Only one span of the listing below should come back. It runs from the line with "It can be observed" through the line with "pulsera: Brown correa", and each of its lines must be reproduced exactly.

==== Recorded data

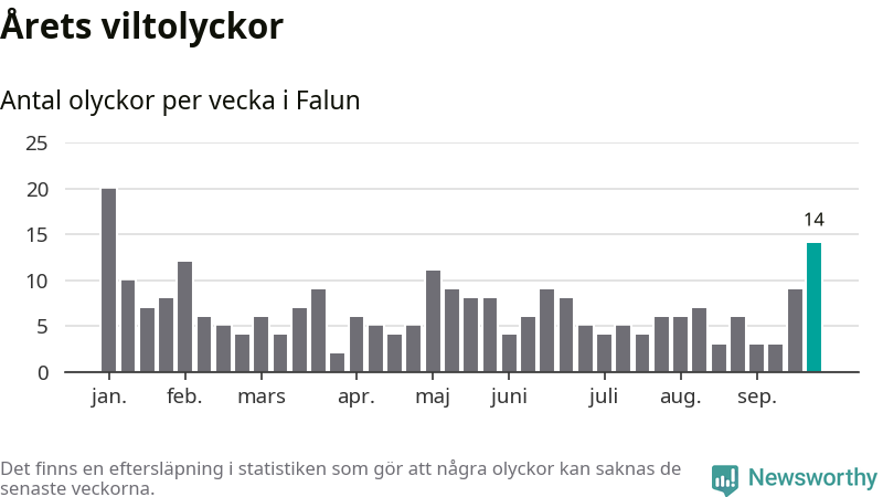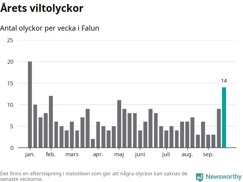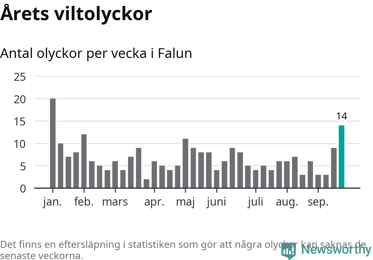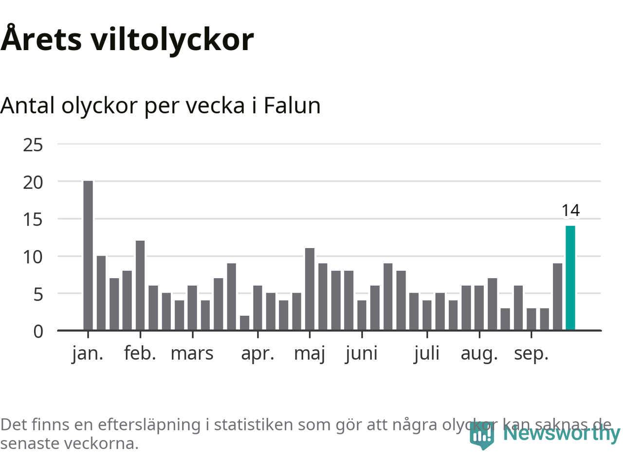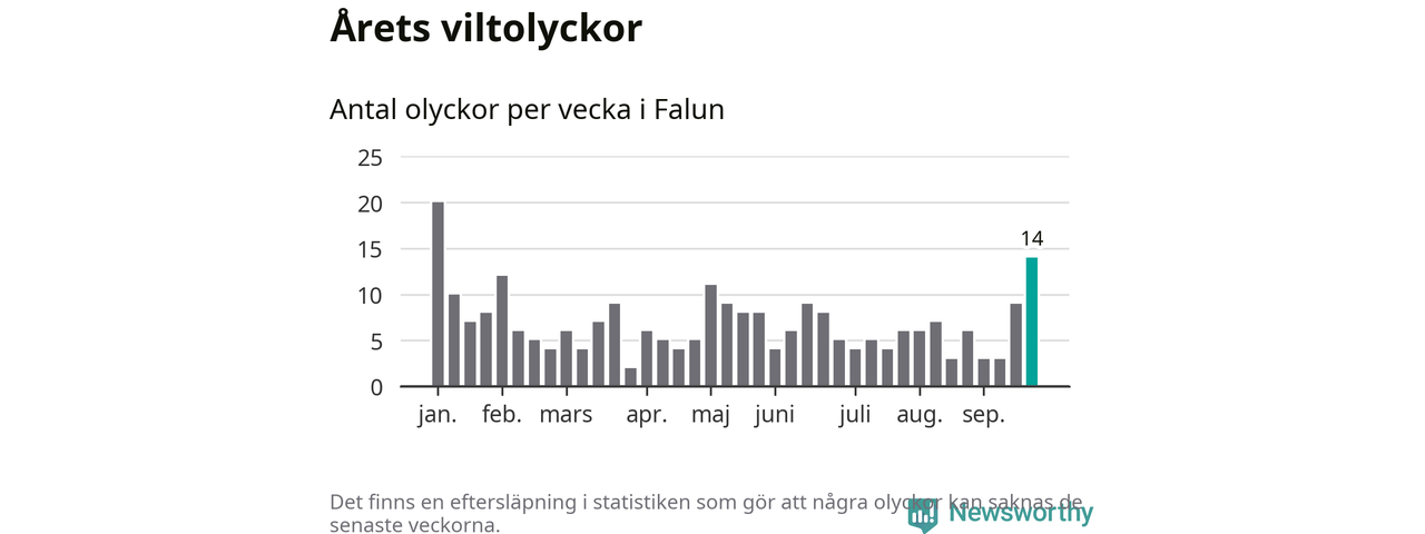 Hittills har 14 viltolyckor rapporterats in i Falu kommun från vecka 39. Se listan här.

========
==== Recorded data

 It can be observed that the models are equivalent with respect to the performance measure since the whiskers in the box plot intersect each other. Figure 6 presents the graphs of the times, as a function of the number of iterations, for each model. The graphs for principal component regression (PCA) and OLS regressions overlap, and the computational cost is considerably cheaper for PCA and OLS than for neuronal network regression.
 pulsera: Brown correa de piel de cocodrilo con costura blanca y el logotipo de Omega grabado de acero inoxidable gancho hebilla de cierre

========

### [Solution to this problem]
 It can be observed that the models are equivalent with respect to the performance measure since the whiskers in the box plot intersect each other. Figure 6 presents the graphs of the times, as a function of the number of iterations, for each model. The graphs for principal component regression (PCA) and OLS regressions overlap, and the computational cost is considerably cheaper for PCA and OLS than for neuronal network regression.
 pulsera: Brown correa de piel de cocodrilo con costura blanca y el logotipo de Omega grabado de acero inoxidable gancho hebilla de cierre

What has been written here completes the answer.